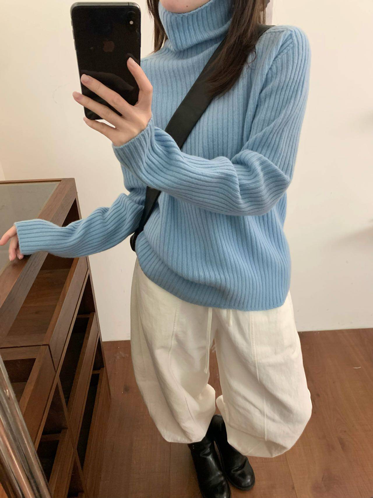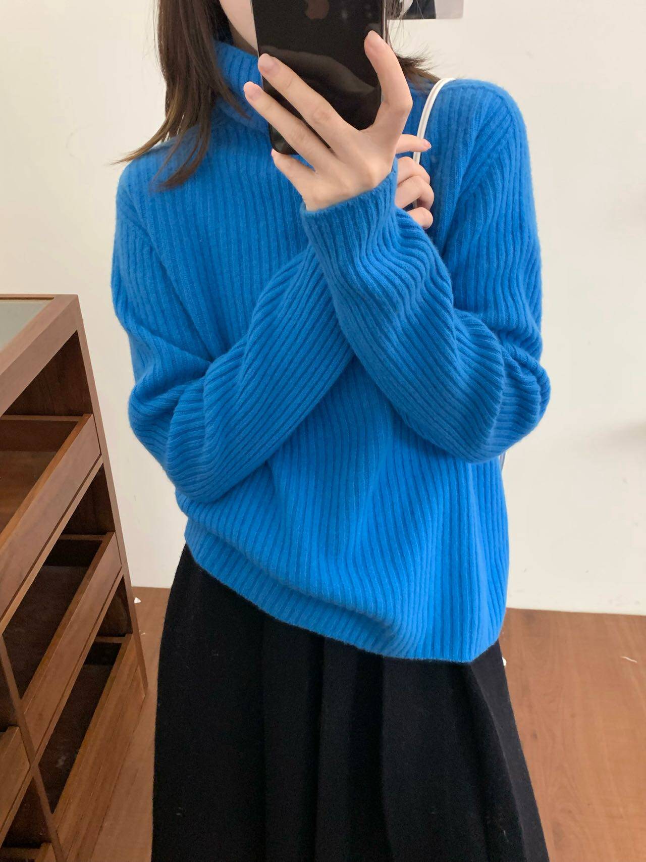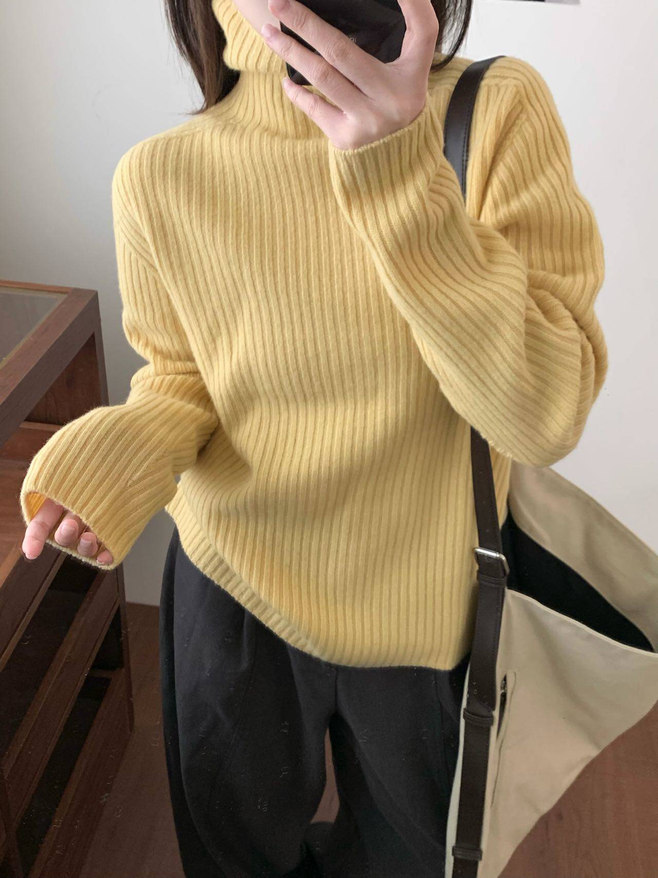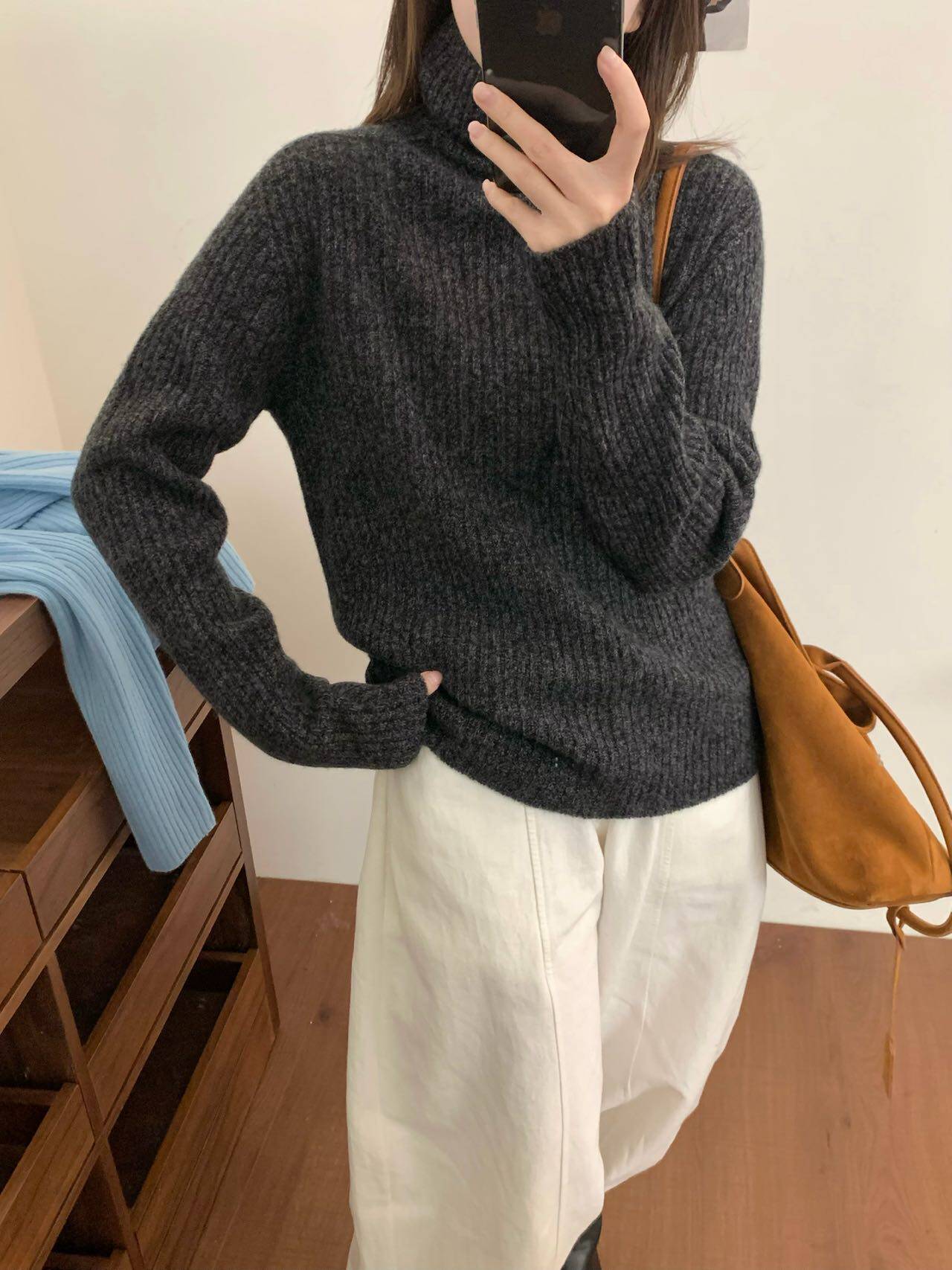 High-Quality Full Wool European Style 9806 Authentic Ribbed Turtleneck Sweater, Long-Sleeve Minimalist Versatile Slim-Fit Knit Base Shirt
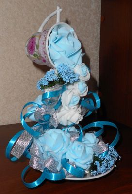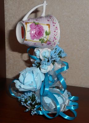 Кофейная чашка, украшенная цветами из фоамирана, атласными лентами и мелкими стразами. Отличный подарок к любому празднику)))
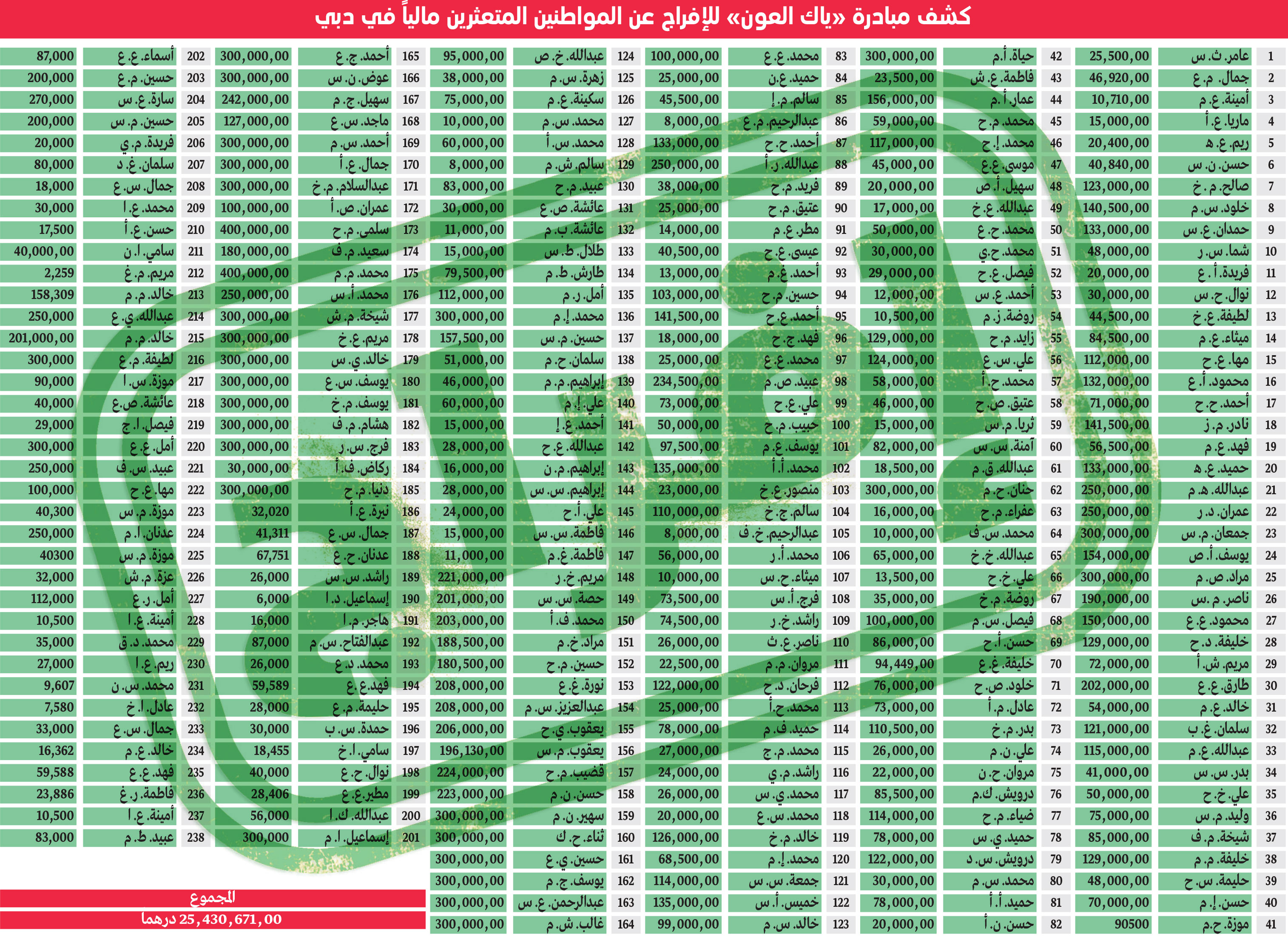 وأشار إلى أنه نظراً للإقبال الكبير من المتبرعين والجهات الحكومية والخاصة والمؤسسات الخيرية الراغبين في المساهمة بالمبادرة، قررت «الإمارات اليوم» بالتعاون مع محاكم دبي ودائرة الشؤون الإسلامية والعمل الخيري في دبي، زيادة عدد المشمولين بالمبادرة من 185 إلى 238 مواطناً، كما تم رفع المبلغ المستهدف من 21 مليوناً و94 ألفاً و449 درهماً إلى 25 مليوناً و430 ألفاً و671 درهماً.
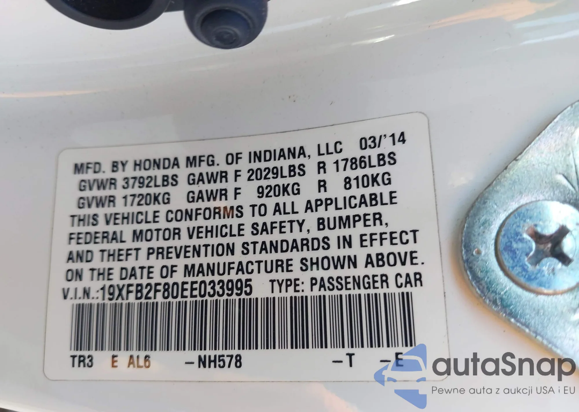 LOT: 42986763 VIN: 19XFB2F80EE033995
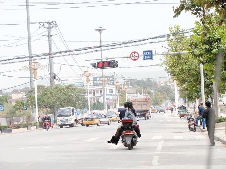 10月8日,一位從華山大街向東行的外地司機(jī)把車停在民生街丁字口的紅燈前,不知道如何是好。原來(lái)前方的紅燈亮著,但是旁邊的藍(lán)牌子上卻寫著“紅燈亮?xí)r 直行通過(guò)”,他看著身邊的車既有飛馳通過(guò)的,還有停車觀望的,更多的是半停半走猶豫不決的。所以不知道該怎么辦。而渭南的出租車司機(jī)老胡說(shuō),這個(gè)紅綠燈堪稱“最牛”,設(shè)立得根本就不科學(xué),設(shè)立這么一個(gè)牌子,難道旁邊還要再加個(gè)牌子說(shuō)綠燈亮?xí)r繼續(xù)通行?當(dāng)?shù)厝舜蠖济靼,這個(gè)紅綠燈設(shè)立的目的是限制向北拐的,只要把紅綠燈設(shè)置個(gè)向北的箭頭就可以了,而弄個(gè)紅燈加個(gè)說(shuō)明有些自相矛盾。記者查閱《中華人民共和國(guó)道路交通安全法》,第二十六條規(guī)定:“交通信號(hào)燈由紅燈、綠燈、黃燈組成。紅燈表示禁止通行,綠燈表示準(zhǔn)許通行,黃燈表示警示!
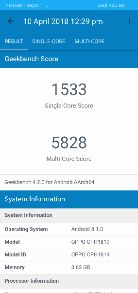 Sementara ketika menggunakan Geekbench, Oppo F7 sukses mencetak skor 1.533 poin untuk pengujian single-core dan 5.828 poin untuk pengujian multi-core.
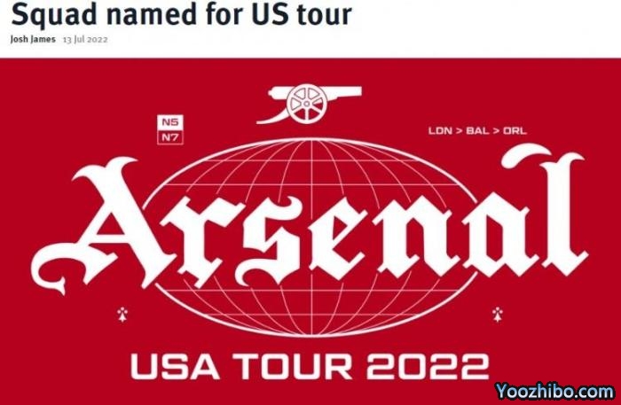 此次美国行,阿森纳将参加三场季前热身赛,分别对阵埃弗顿、奥兰多城以及切尔西。
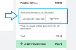 - Ensuite, recherchez la case dédiée intitulée “Vous avez un coupon de réduction ?” et mettez votre code promo Hostelworld dans cette case.
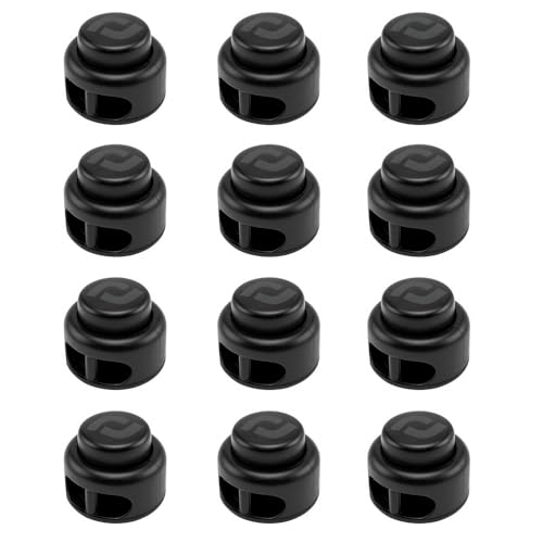 RJ-Sport Heavy Duty Cord Locks - Double Hole Drawstring Stopper Fastener for No Tie Shoelaces and More, 01 Black, One Size
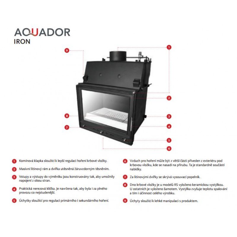 Krbové vložky pôvodnej série Aquador iron sú doteraz vyrábané v mnohatisícových sériách a sú preverené už dvoma desaťročiami. Ich dvierka a fasáda sú vyrobené z kvalitnej a robustnej nemeckej liatiny. Krbové vložky Iron majú celý rad výhod:

- _Task prompt_: From the opening line of the entries above to the line that holds "LOT: 42986763 VIN: 19XFB2F80EE033995", inclusive, reproduce each line exactly and omit any picture.

- _Output for this task_:
 High-Quality Full Wool European Style 9806 Authentic Ribbed Turtleneck Sweater, Long-Sleeve Minimalist Versatile Slim-Fit Knit Base Shirt
 Кофейная чашка, украшенная цветами из фоамирана, атласными лентами и мелкими стразами. Отличный подарок к любому празднику)))
 وأشار إلى أنه نظراً للإقبال الكبير من المتبرعين والجهات الحكومية والخاصة والمؤسسات الخيرية الراغبين في المساهمة بالمبادرة، قررت «الإمارات اليوم» بالتعاون مع محاكم دبي ودائرة الشؤون الإسلامية والعمل الخيري في دبي، زيادة عدد المشمولين بالمبادرة من 185 إلى 238 مواطناً، كما تم رفع المبلغ المستهدف من 21 مليوناً و94 ألفاً و449 درهماً إلى 25 مليوناً و430 ألفاً و671 درهماً.
 LOT: 42986763 VIN: 19XFB2F80EE033995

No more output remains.